Jim grasped the spokes firmly, as much for the purpose of steadying himself against the vessel's furious plunging as to hold her before the wind, and after draining the pan of its bitter contents Bob Brace went into the cabin.

Owing to the violent motion of the brig the boys in the galley made no effort to join the young fisherman at the helm, and he was left alone during half an hour, when Bob returned.

"Did you find the charts?" Jim asked eagerly.

"Yes; an' I reckon there's no call to worry ourselves very much. We're runnin' pretty nigh south, an' if the brig was a hundred miles off the coast when I came aboard there's nothin' between us an' the Bahamas. We've got thirteen or fourteen hundred miles of clear water, an' this breeze will blow itself out before——"

"Look! Look there!" Jim cried excitedly, heaving the wheel down to port as rapidly as he could handle the spokes.

Bob turned quickly, and but one brief glance was sufficient to cause him to spring to the helmsman's aid.

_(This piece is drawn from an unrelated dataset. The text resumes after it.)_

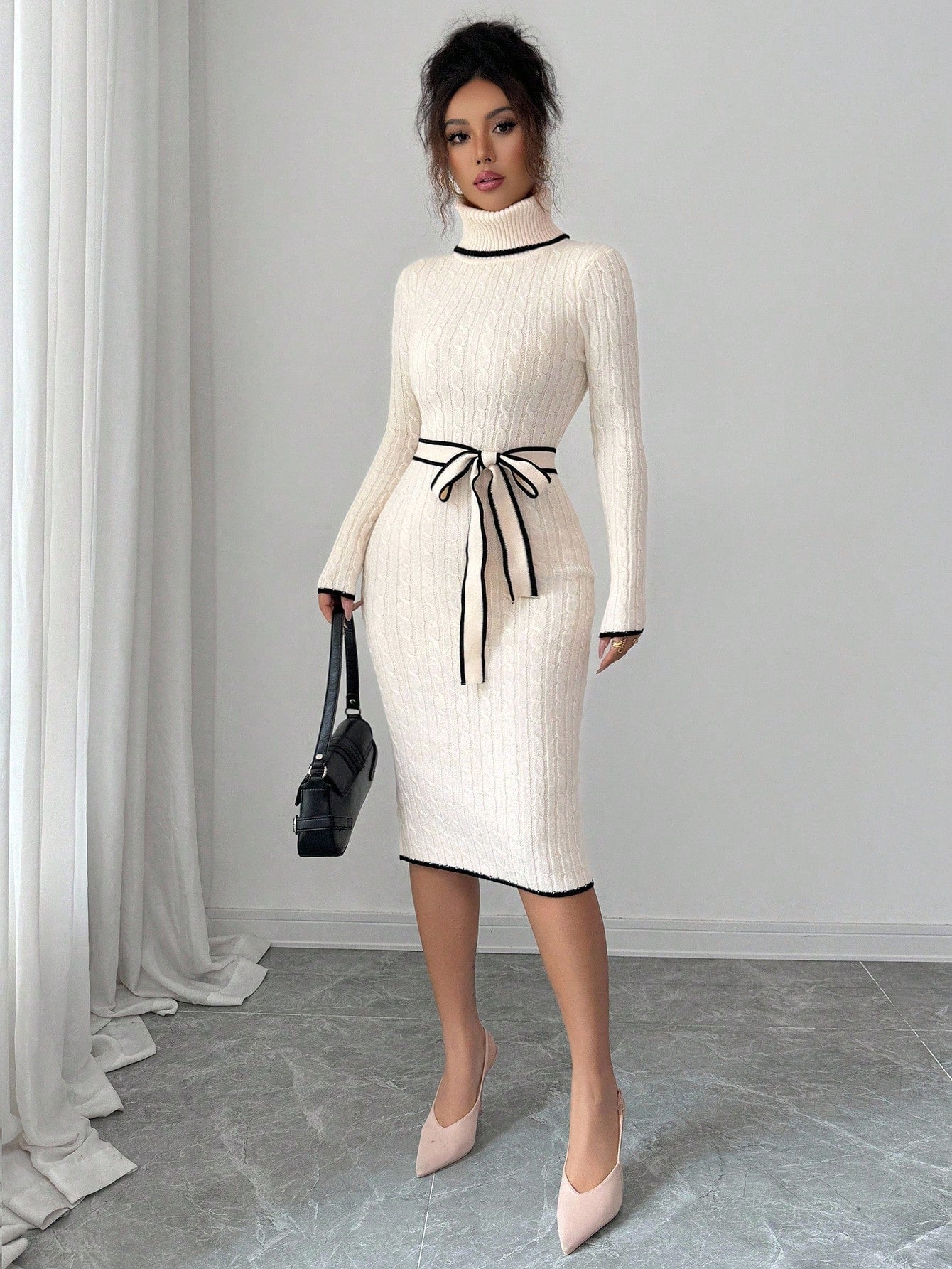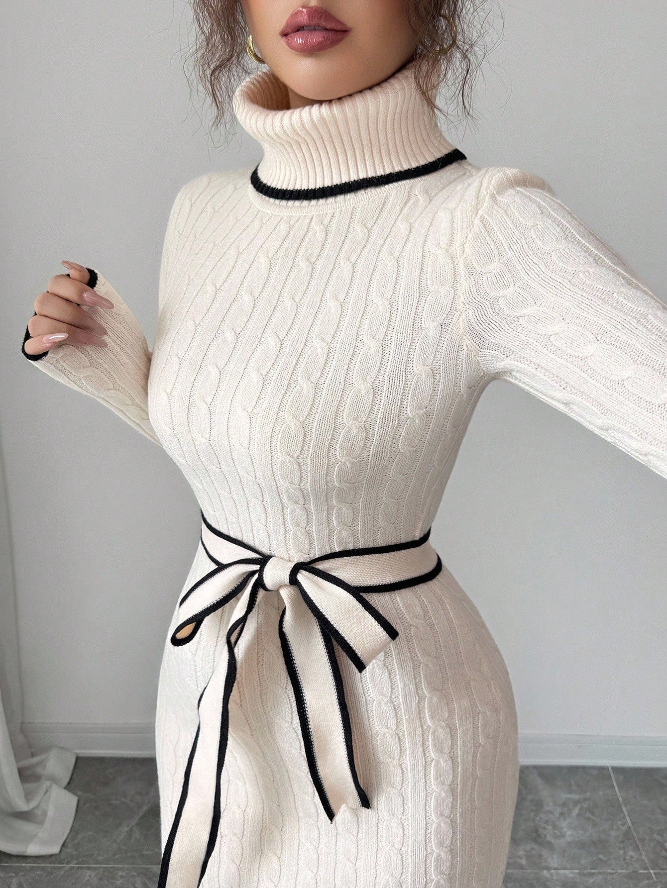 Abito maglione elegante e aderente con costine a torsione, a maniche lunghe

There was good reason why the two were alarmed. Directly in the Bonita's course, less than half a cable's length away, a huge fabric of canvas and cordage came out of the gloom like a phantom, as if bent on running down the brig.

The stranger had all lowersails set, and a collision would have been fatal to the smaller craft because her headway was so much less than that of the other.

"Up with the helm, lad, to meet her as she comes around!" Bob screamed, when the wheel had been jammed hard down for a second, and the Bonita heeled over while responding to the rudder's sudden swing. "We shall clear her, but it'll be a rub."

The stranger had also changed her course by this time, and as the two vessels swept past each other on a heaving, screaming sea of foam, hardly twenty feet apart, Jim sprang toward the flare.